Speaker 1 (01:50:03):
Perfect right, So that's what most people think it is.
They think it's like this thing, yeah for sure, right,
But this is what I want people to understand if
you really think about it, how do you know that
you have purpose or you don't have purpose?
Speaker 3 (01:50:15):
Yeah, it's not it's.
Speaker 1 (01:50:17):
An internal feeling. Like I wake up every day, Like
my guess is you wake up and you're like, I
have purpose. Yes, it's an internal feeling. So how do
we cultivate that internal feeling with these three things?
Speaker 3 (01:50:26):
Yeah? I love that. I think it's beautiful. I really
really like those three things, and they come closely to
some of the things I've thought about before as well,
in I think there's a need, and your people get
it because they're part of your community. But I think
belonging is such a first step in purpose. Like even
you know, recently, Air I took out pickleball, and I
feel like I'm part of the La pickleball scene and
(01:50:47):
I'll just walk up to a court and I can
just go play with anyone. You don't have to know
each other's names. I don't know what job they have,
they don't know what I do, and you're playing pickaball together.
And there's a sense of belonging which makes me feel
automatically link to something bigger than me. So belonging isn't
a sense of I have friends. Belonging is I feel
connected to something that is beyond me and beyond this person,
(01:51:09):
and I think that's such a part of purpose. The
second one, which is aligns with what you're saying to me,
is learning. But really it's what you're saying, it's that
challenge to stretch my capability to try something new every day.
That idea of curiosity is so key to it, as
well as a habit that this one's really important for me.
It's people who feel independently useful. So now you're part
(01:51:31):
of this bigger thing, but you know what you do.
So I'm the guy who brings the pickleballs, I'm the
guy who puts the net out right, like I have
a use that is unique to me.
Speaker 1 (01:51:41):
Yeah, So you know what's really fascinating is I love
And I'm amazed that my guess is that you did not, like,
read a bunch of scientific literature to come up with
these things.
Speaker 3 (01:51:54):
I've read enough, but I didn't use it to But
I'm definitely I'm always reading.
Speaker 1 (01:51:59):
I know you're you're quite well read and stuff.
Speaker 3 (01:52:01):
I enjoy reading it, you know, socie.
Speaker 1 (01:52:03):
But it's not like you're like, let me read a
thousand papers. That's how I came up with your right.

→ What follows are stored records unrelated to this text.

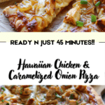 This Hawaiian Chicken & Caramelized Onion Pizza is a satisfying way to bring sweet and savory flavors together in one delicious dish. With marinated chicken, caramelized onions, pineapple, and gooey mozzarella, it’s a crowd‑pleaser perfect for family dinners or casual gatherings. Customize the toppings to your taste and enjoy a homemade pizza that’s full of flavor.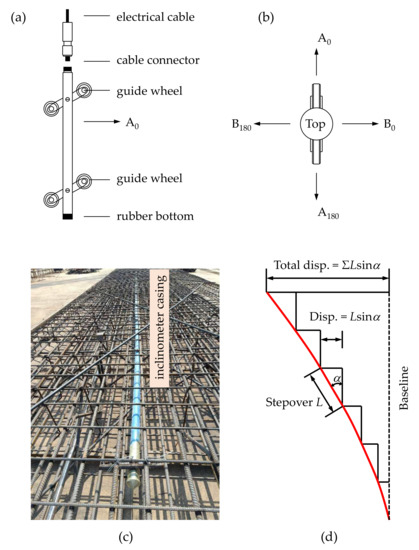 Inclinometers used to measure the lateral displacement of retaining walls. (a,b) Elevation and top view of a typical inclinometer probe [54]. (c) A tube (PVC plastic, ABS plastic or aluminium) is installed serving as the inclinometer casing for the purpose of ground measurement. (d) Measurement of lateral displacement [51].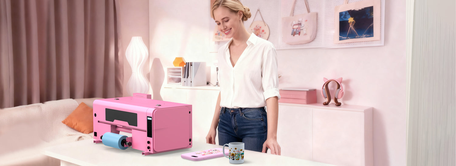 Haolic Pink UV DTF Printer With Dual XP600 Heads & Laminator 2 in 1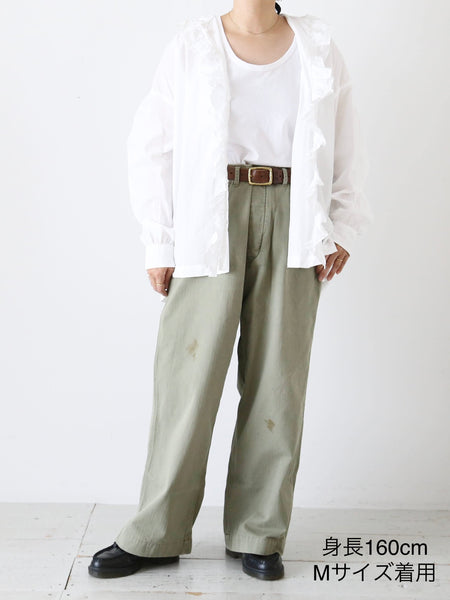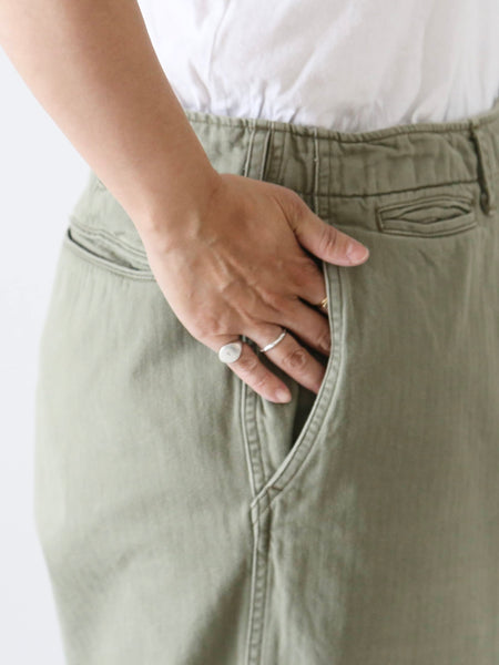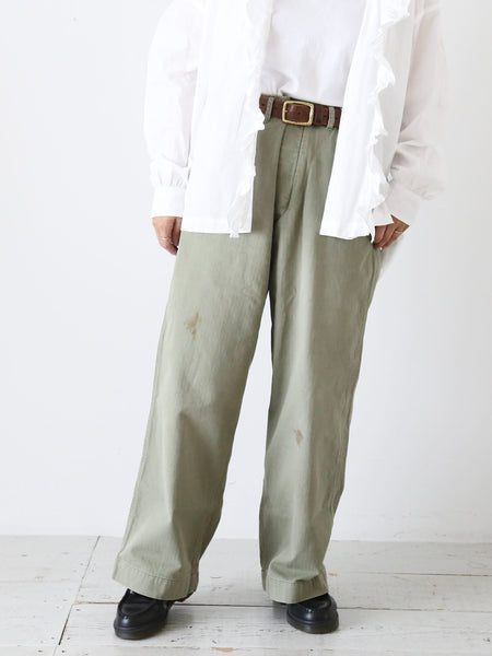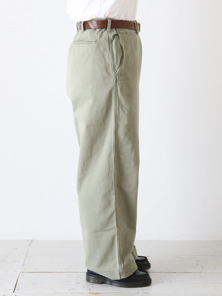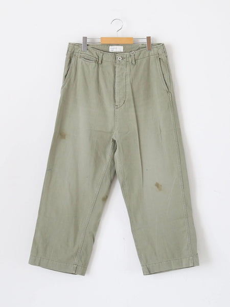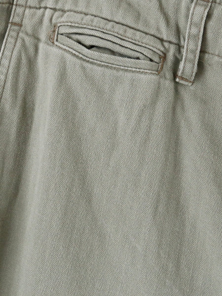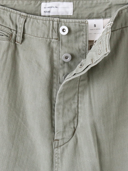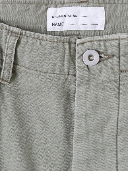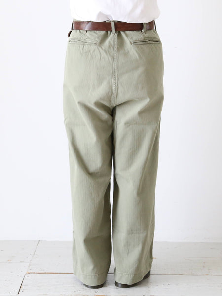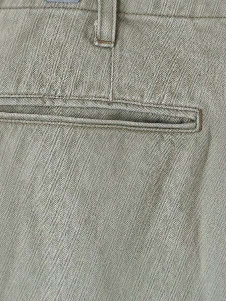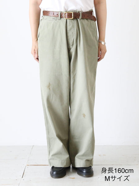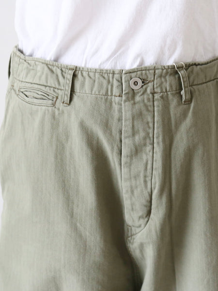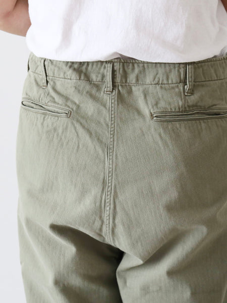 chimala (チマラ)ヘリンボーンUSアーミーデニムオフィサートラウザー [CS40-MP15B/S]色:カーキグリーン素材:コットン100%サイズ:S/MS ウエスト:41cm ヒップ:56cm 股上:38cm 股下:62cm 裾幅:26cm わたり:35cmM ウエスト:43cm ヒップ:58cm 股上:38cm 股下:64cm 裾幅:27cm わたり:37cm*平置き寸法です。多少の誤差はご容赦くださいませ。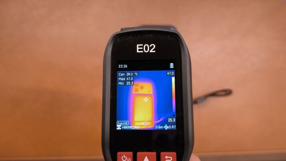 発熱もそこそこ優秀で、iPhone側が40℃行くかどうか、モバ充側はスタンド部分が若干熱く、最大41℃くらい。スタンドが金属製なので、この部分が若干熱くなりやすいようです。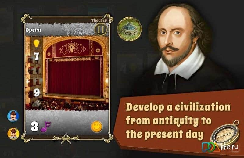 Цивилизация: Гонка Народов / Civilization: Race of Nations - В игре «Цивилизация: Гонка Наций» вы поднимаете древнюю цивилизацию, чтобы сделать её более передовой. Вы должны построить новые здания: дома, фермы, библиотеки, лаборатории. Также мы должны нанять и содержать новых рабочих, исследовать новые технологии. Как хороший господин, вы должны предоставлять им и развлечения. Также не забудьте о жизненно важном: о своём войске. Там тоже должно быть тоже всё оборудовано: так как выигрывая войну вы получите славу среди эпох.

And so what I think is really beautiful is your
things can be mapped onto my things. And what the
data shows your independent exploration. Sure you're reading a lot,
you are, you keep up with signs and stuff like that,
but you're looking at your experience and you have belonging
this which is correlated with relatedness.
Speaker 3 (01:52:26):
Right.
Speaker 1 (01:52:26):
You have this curiosity which causes you to stretch. You
have this independent usefulness which is autonomy, which is making choices.
I'm going to go ahead, no one needs to ask me,
and you find a utility like you know. And so
I think it's really beautiful, Like like, I love hearing
that because that shows me that if people pay attention right,
(01:52:47):
if they do what you did, which not to devalue
what you did, but I think is easier than what
I did. You don't have to read a thousand papers
on purpose to understand what it is right. You can
pay it tension to yourself. You can do some amount
of reading. You can listen to a few podcasts and
that is enough for you to find the right answers.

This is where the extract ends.